> [Dataset items]
-----

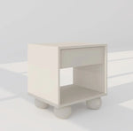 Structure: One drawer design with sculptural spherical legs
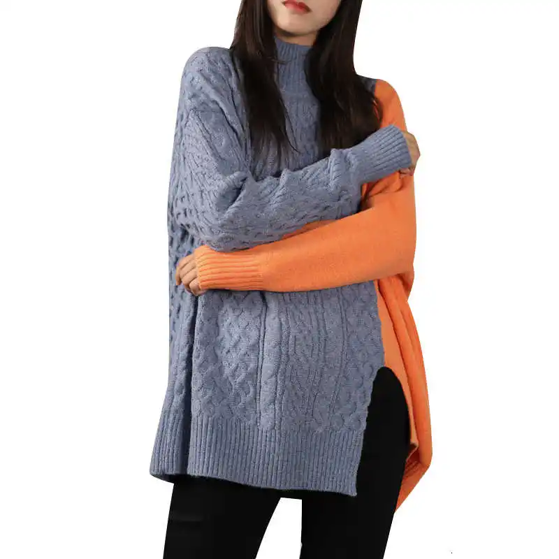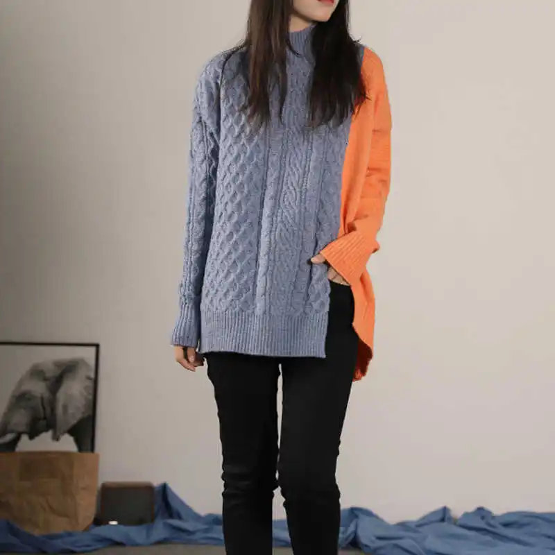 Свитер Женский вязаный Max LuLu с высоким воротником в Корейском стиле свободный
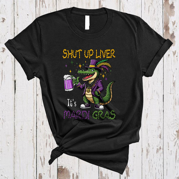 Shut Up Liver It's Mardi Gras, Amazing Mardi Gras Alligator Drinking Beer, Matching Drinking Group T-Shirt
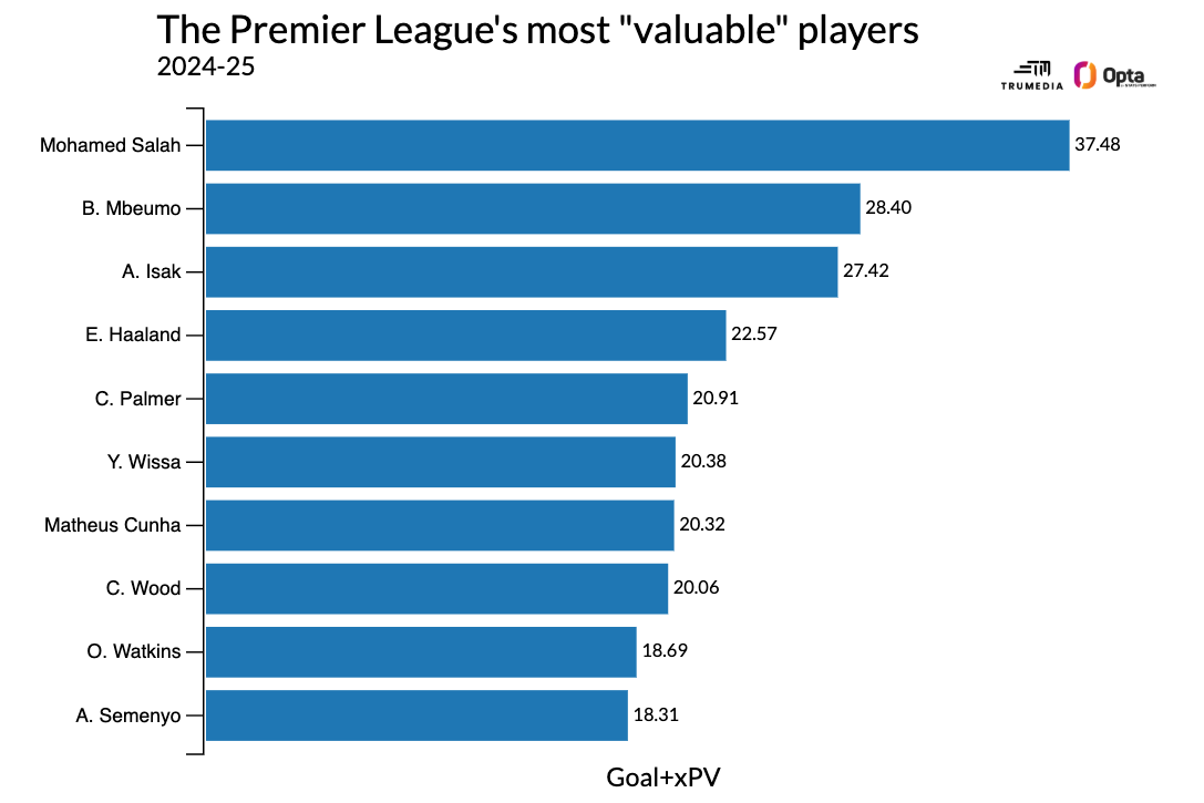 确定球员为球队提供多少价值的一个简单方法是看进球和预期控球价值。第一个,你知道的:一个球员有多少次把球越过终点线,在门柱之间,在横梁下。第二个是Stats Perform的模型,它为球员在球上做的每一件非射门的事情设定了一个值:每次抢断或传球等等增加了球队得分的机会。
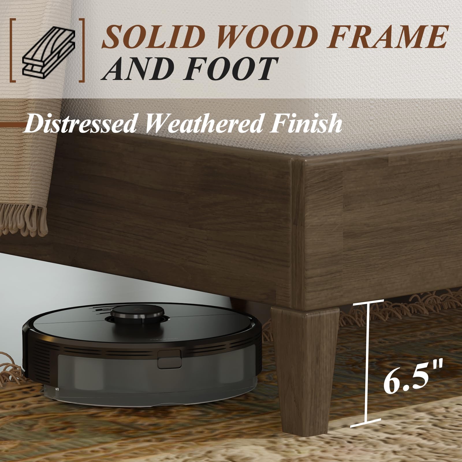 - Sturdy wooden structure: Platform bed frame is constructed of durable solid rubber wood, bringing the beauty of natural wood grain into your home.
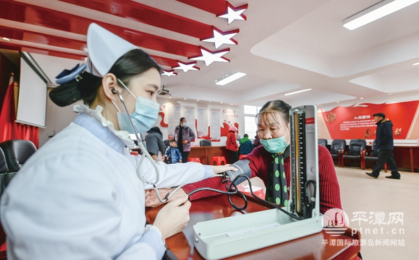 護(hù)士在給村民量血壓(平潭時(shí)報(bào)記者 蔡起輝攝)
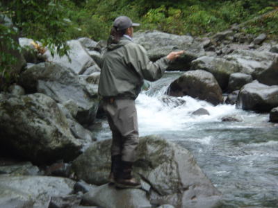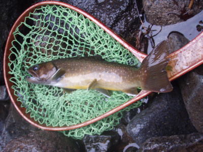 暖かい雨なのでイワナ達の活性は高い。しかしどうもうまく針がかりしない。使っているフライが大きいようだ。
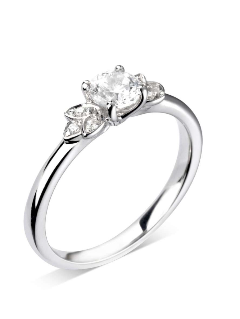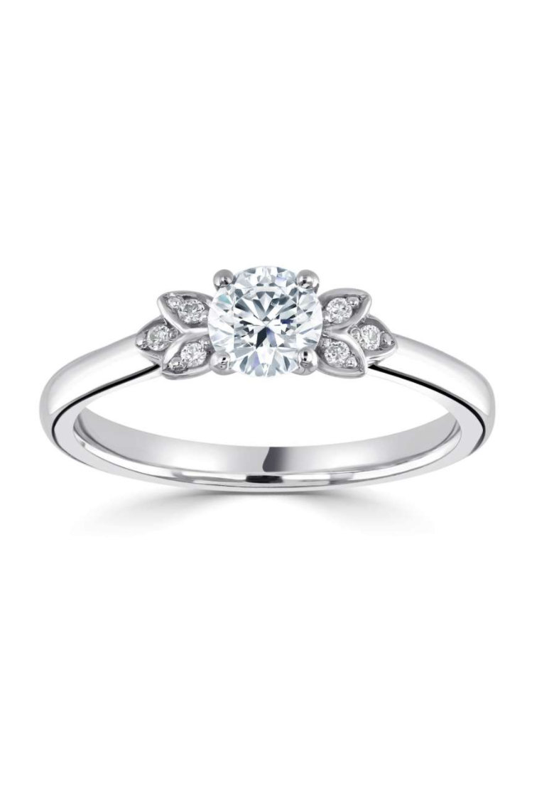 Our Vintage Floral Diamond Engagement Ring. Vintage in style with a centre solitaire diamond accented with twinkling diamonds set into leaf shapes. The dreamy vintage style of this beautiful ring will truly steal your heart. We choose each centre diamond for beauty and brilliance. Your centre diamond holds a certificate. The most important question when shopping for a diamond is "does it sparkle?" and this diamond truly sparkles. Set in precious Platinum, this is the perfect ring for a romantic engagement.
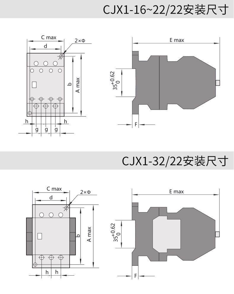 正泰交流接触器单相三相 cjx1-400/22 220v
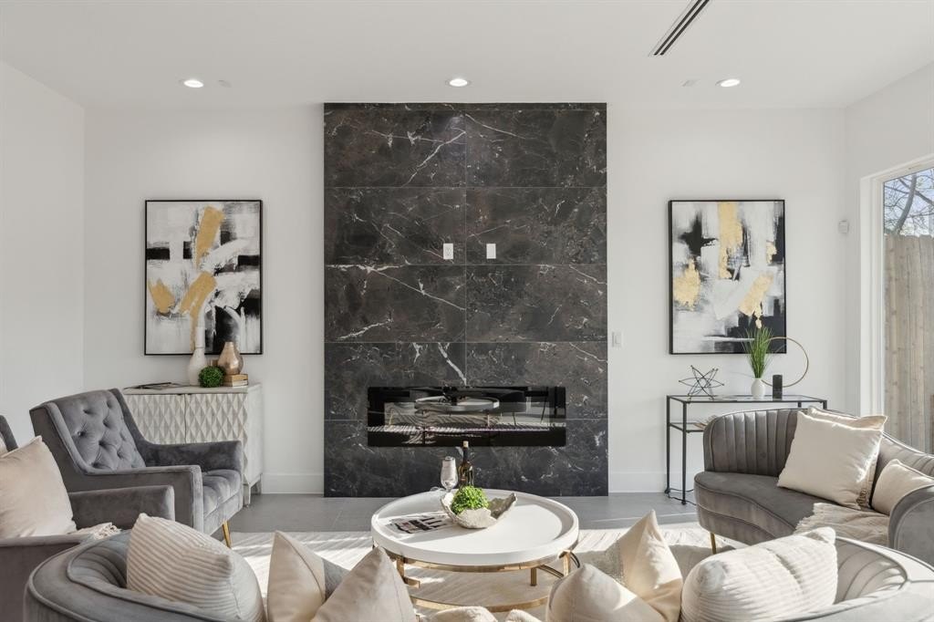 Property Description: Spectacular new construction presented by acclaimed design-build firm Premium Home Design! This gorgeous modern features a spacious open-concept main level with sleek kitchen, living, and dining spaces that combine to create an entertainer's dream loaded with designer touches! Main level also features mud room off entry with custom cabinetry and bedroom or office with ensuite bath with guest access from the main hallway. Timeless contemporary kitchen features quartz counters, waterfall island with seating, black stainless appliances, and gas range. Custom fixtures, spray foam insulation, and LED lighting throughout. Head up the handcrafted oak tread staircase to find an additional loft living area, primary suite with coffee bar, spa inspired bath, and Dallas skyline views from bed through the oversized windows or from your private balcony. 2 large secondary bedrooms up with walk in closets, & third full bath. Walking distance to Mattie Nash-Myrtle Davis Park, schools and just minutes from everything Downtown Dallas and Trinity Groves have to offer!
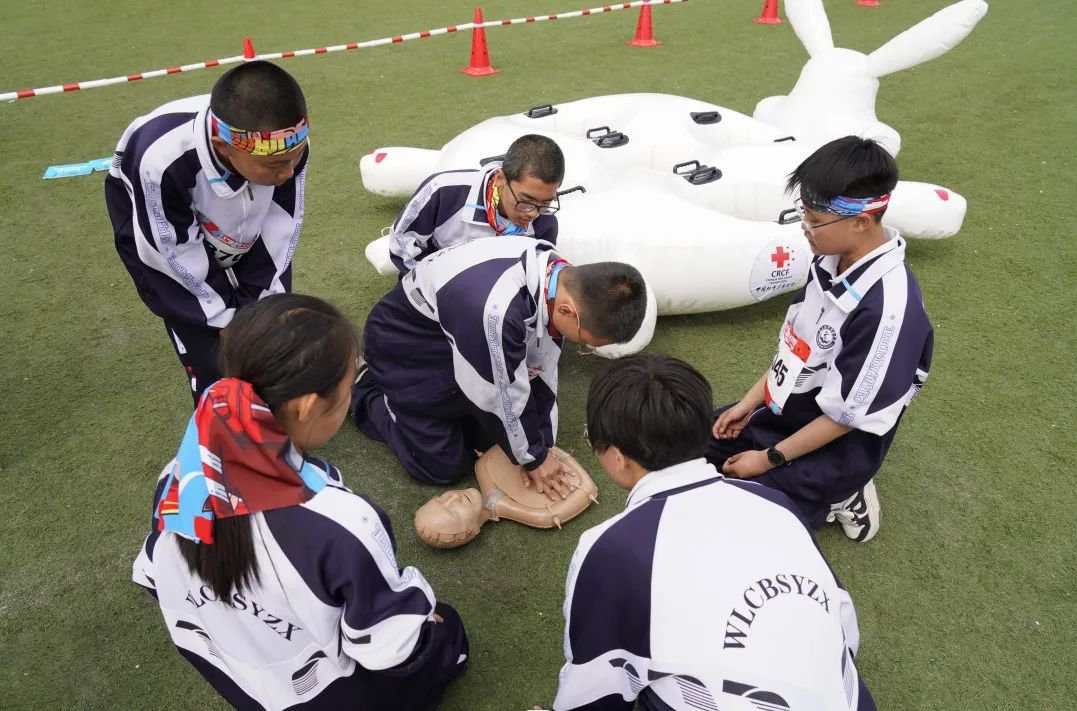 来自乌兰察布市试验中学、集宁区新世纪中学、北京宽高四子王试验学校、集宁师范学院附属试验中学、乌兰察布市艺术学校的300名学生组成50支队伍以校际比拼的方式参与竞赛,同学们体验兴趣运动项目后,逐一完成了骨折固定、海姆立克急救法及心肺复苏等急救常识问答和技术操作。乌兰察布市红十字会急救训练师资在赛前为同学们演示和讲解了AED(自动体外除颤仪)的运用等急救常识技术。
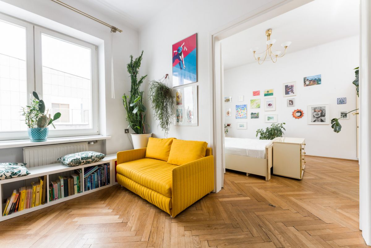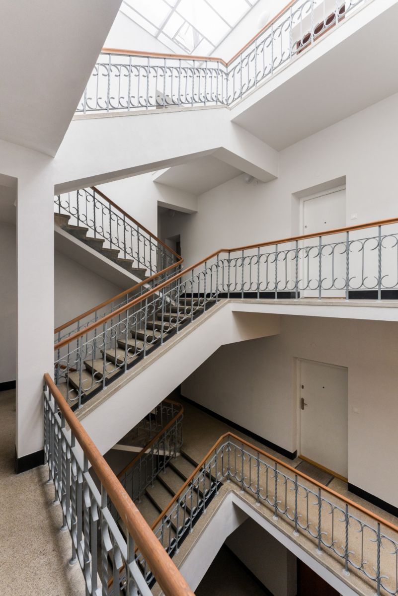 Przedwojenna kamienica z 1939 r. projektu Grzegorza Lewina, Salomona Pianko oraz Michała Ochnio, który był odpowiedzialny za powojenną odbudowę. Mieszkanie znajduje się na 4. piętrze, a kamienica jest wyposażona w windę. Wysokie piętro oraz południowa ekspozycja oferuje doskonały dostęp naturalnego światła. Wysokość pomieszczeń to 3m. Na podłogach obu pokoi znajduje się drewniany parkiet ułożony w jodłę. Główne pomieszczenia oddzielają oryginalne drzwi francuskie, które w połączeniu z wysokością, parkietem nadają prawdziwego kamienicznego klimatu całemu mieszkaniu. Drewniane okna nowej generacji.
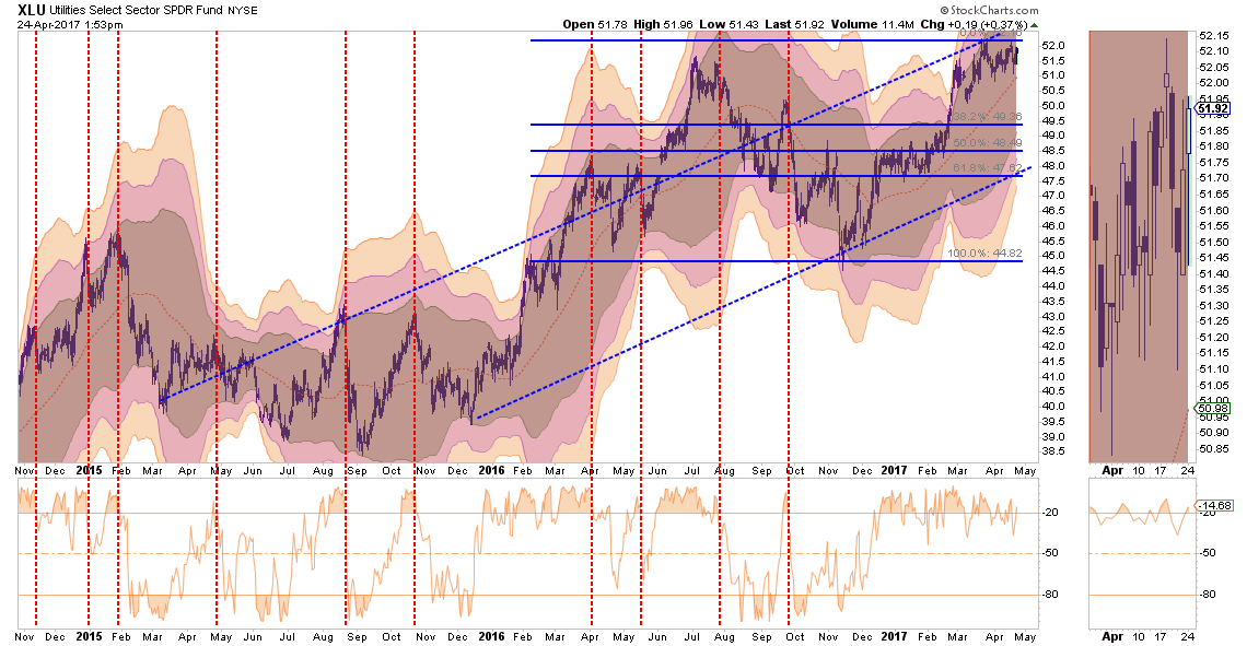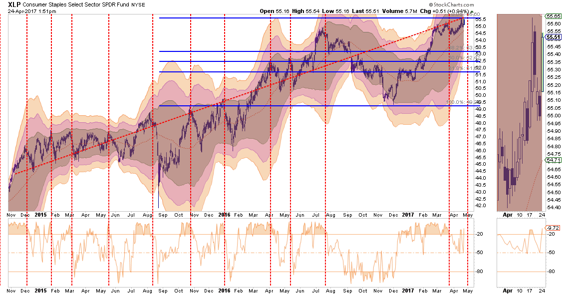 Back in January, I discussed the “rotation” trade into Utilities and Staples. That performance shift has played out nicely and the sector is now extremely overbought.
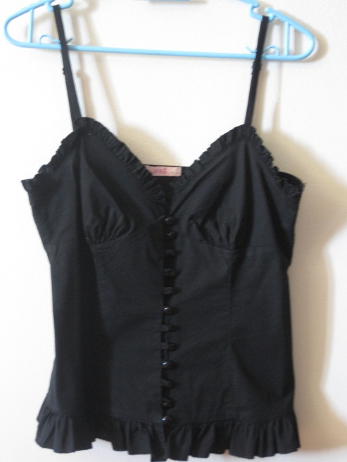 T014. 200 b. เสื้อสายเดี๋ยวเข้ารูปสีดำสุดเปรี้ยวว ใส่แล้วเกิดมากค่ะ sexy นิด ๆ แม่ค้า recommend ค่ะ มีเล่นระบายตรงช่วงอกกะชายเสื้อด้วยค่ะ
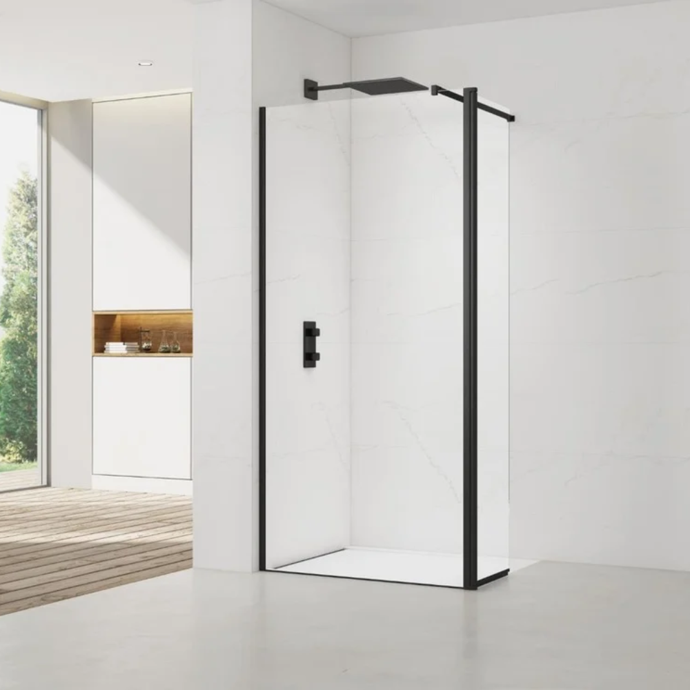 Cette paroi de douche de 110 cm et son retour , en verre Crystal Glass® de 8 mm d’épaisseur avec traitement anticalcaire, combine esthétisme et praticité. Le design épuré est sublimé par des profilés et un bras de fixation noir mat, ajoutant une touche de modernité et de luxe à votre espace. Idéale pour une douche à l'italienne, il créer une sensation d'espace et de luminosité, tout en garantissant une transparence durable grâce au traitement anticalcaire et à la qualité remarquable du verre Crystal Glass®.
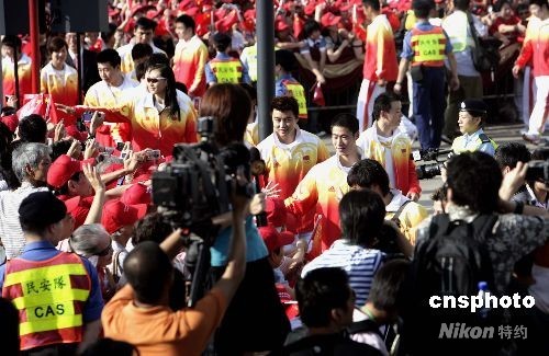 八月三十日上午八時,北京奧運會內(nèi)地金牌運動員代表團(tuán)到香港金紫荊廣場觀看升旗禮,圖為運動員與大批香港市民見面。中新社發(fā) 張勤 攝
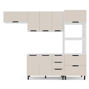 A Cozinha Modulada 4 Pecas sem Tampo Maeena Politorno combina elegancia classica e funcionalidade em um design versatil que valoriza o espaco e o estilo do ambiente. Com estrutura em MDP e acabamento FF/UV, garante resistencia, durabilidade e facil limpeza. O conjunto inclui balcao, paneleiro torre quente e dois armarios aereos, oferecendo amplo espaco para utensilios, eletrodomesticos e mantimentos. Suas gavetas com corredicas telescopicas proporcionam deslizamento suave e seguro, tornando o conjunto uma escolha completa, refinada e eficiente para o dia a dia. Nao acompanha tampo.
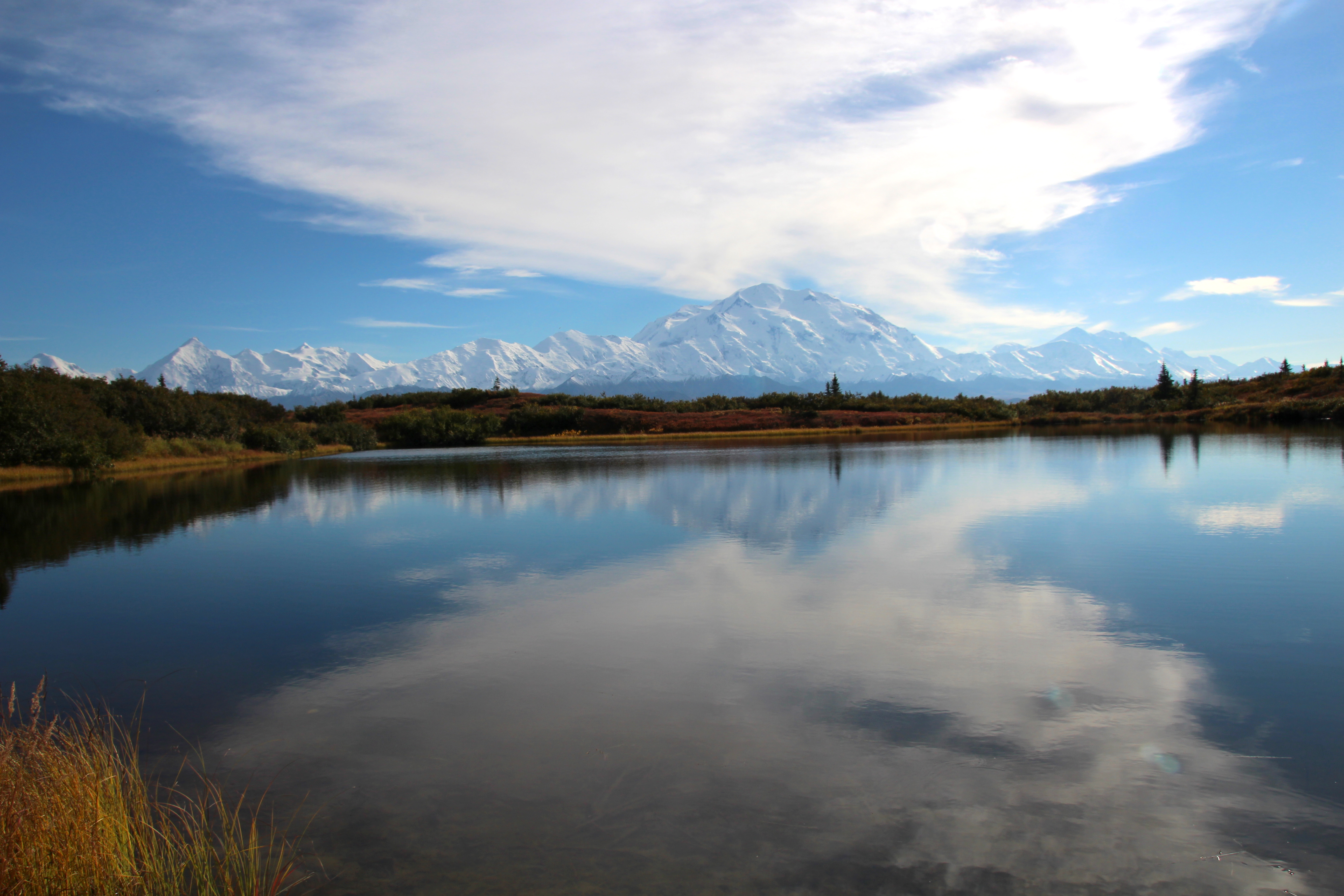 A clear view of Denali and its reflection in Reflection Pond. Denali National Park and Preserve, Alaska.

-----

> [Work instruction]
An exact copy is needed. It runs from the line above containing "Свитер Женский вязаный" down to the line containing "Shut Up Liver", both included, with no pictures.

> [Task output]
 Свитер Женский вязаный Max LuLu с высоким воротником в Корейском стиле свободный
 Shut Up Liver It's Mardi Gras, Amazing Mardi Gras Alligator Drinking Beer, Matching Drinking Group T-Shirt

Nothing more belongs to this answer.